Given the following real input parameters:
$$
\left(x_i,\,y_i\right),
\quad \quad \quad
\left(x_f,\,y_f\right),
\quad \quad \quad
\left(a_x,\,a_y\right),
\quad \quad \quad
v_i > 0
$$
and define the differences:
$$
\Delta x := x_f - x_i\,,
\quad \quad \quad
\Delta y := y_f - y_i
$$
we need to solve the system of equations:
$$
\begin{cases}
\Delta x = v_i\cos\theta\,\Delta t + a_x\,\Delta t^2/2 \\
\Delta y = v_i\sin\theta\,\Delta t + a_y\,\Delta t^2/2 \\
\end{cases}
$$
where solutions $\Delta t > 0$ and $0 \le \theta < 2\pi$ are of interest.

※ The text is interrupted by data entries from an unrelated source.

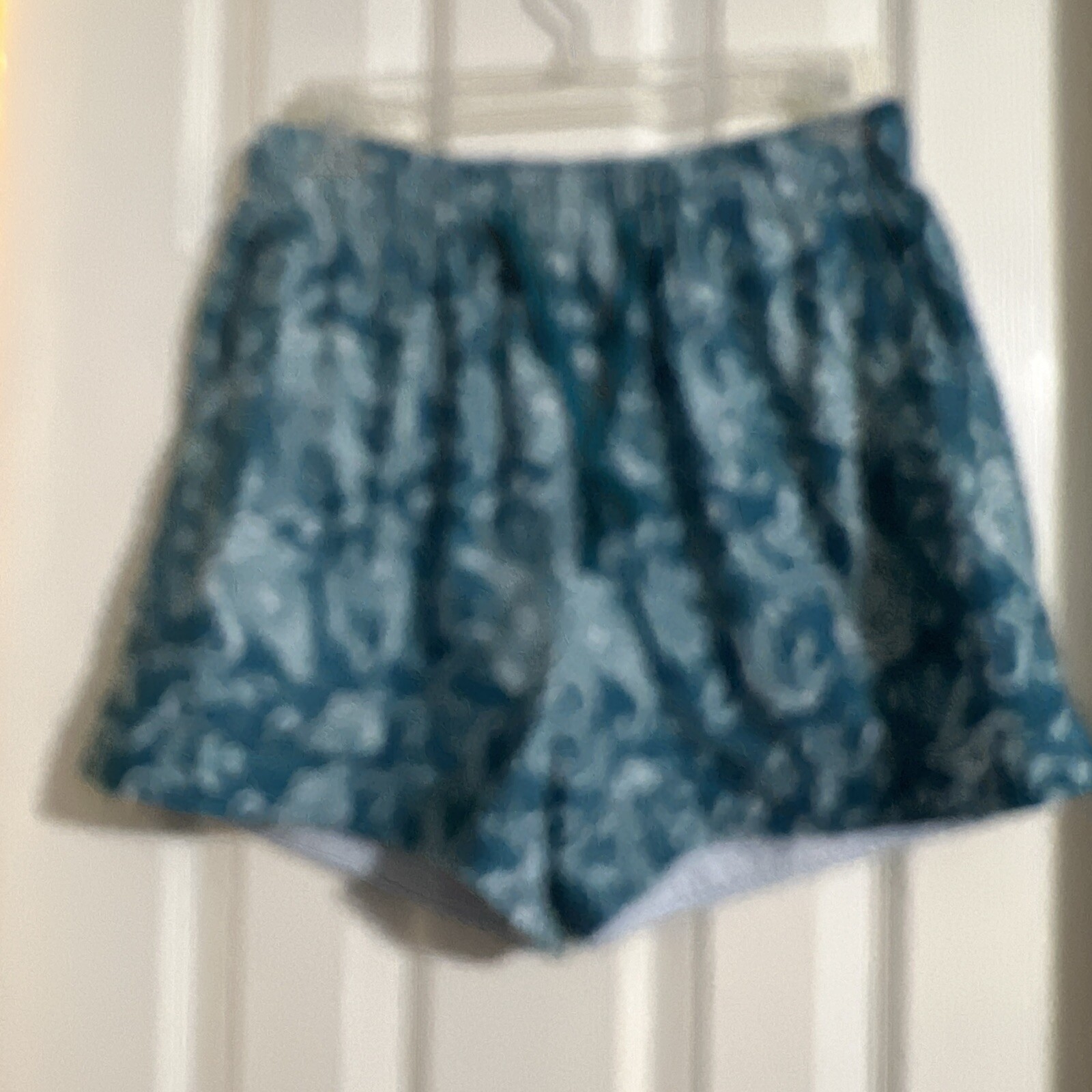 как выглядит Womens Casual Drawstring Shorts, Elastic Waist, Pocketed, Turquoise Paisley фото
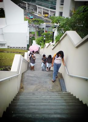 I conquered 138 steps of stairs!! This is the view from the top!We then climbed 138 steps to go to this place called Old School to take a look at the exhibitions. In the end it wasn't open to public. -_- Haha. Anyway do you see KuanYee in the picture? I swear she's damn cute!!
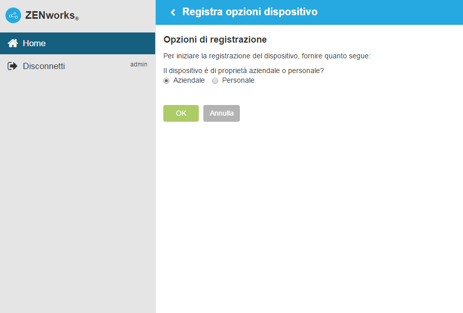 Se si è configurata la policy di registrazione dispositivo mobile per consentire all'utente di specificare la proprietà del dispositivo (aziendale o personale), viene richiesto di specificare tali informazioni. Toccare OK. Il dispositivo viene registrato automaticamente nella zona.

So, rewriting the system of equations:
$$
\begin{cases}
\frac{2\,\Delta x - a_x\,\Delta t^2}{2\,v_i\,\Delta t} = \cos\theta \\
\frac{2\,\Delta y - a_y\,\Delta t^2}{2\,v_i\,\Delta t} = \sin\theta \\
\end{cases}
$$
it follows that:
$$
\left(\frac{2\,\Delta x - a_x\,\Delta t^2}{2\,v_i\,\Delta t}\right)^2 + \left(\frac{2\,\Delta y - a_y\,\Delta t^2}{2\,v_i\,\Delta t}\right)^2 = 1
$$
that is, by reworking:
$$
\left(a_x^2 + a_y^2\right)\Delta t^4 - 4\left(v_i^2 + a_x\,\Delta x + a_y\,\Delta y\right)\Delta t^2 + 4\left(\Delta x^2 + \Delta y^2\right) = 0
$$
where, defined the parameters:
$$
a := a_x^2 + a_y^2\,,
\quad \quad \quad
b := - 4\left(v_i^2 + a_x\,\Delta x + a_y\,\Delta y\right),
\quad \quad \quad
c := 4\left(\Delta x^2 + \Delta y^2\right)
$$
it's clear that there are solutions $\Delta t > 0$ if and only if:
$$
a + c \ne 0
\quad \quad \quad
\text{and}
\quad \quad \quad
b < 0
\quad \quad \quad
\text{and}
\quad \quad \quad
b^2 - 4\,a\,c \ge 0
$$
and in this case it's only one if:
$a = 0$ from which $\Delta t = \sqrt{\frac{c}{-b}}$;
$c = 0$ from which $\Delta t = \sqrt{\frac{-b}{a}}$;
$b^2 - 4\,a\,c = 0$ from which $\Delta t = \sqrt{\frac{-b}{2\,a}}$;
otherwise are two:
$$
\Delta t_1 = \sqrt{\frac{- b - \sqrt{b^2 - 4\,a\,c}}{2\,a}} < \Delta t_2 = \sqrt{\frac{- b + \sqrt{b^2 - 4\,a\,c}}{2\,a}}\,.
$$
In particular, if there are solutions $\Delta t > 0$, the initial velocity vector is trivially determined:
$$
v_{x,i} = v_i\,\cos\theta = \frac{\Delta x}{\Delta t} - \frac{a_x}{2}\,\Delta t\,,
\quad \quad \quad
v_{y,i} = v_i\,\sin\theta = \frac{\Delta y}{\Delta t} - \frac{a_y}{2}\,\Delta t
$$
and consequently also the angle measured with respect to the positive semi-axis of the abscissa:
$$
\theta =
\begin{cases}
\pi + \arctan\left(v_{y,i}/v_{x,i}\right) & \text{if} \; v_{x,i} < 0 \\
3\pi/2 & \text{if} \; v_{x,i} = 0 \, \land \, v_{y,i} < 0 \\
\pi/2 & \text{if} \; v_{x,i} = 0 \, \land \, v_{y,i} > 0 \\
2\pi + \arctan\left(v_{y,i}/v_{x,i}\right) & \text{if} \; v_{x,i} > 0 \, \land v_{y,i} < 0 \\
\arctan\left(v_{y,i}/v_{x,i}\right) & \text{if} \; v_{x,i} > 0 \, \land v_{y,i} \ge 0 \\
\end{cases}
$$
which, if desired, is equivalent to writing:
$$
\theta =
\begin{cases}
2\pi + \text{arctan2}\left(v_{y,i},\,v_{x,\,i}\right) & \text{if} \; v_{y,i} < 0 \\
\text{arctan2}\left(v_{y,i},\,v_{x,\,i}\right) & \text{if} \; v_{y,i} \ge 0 \\
\end{cases}
$$
where $\text{arctan2}(y,\,x)$ associates an angle in the interval $(-\pi,\,\pi]$ for each point $(x,\,y) \ne (0,\,0)$.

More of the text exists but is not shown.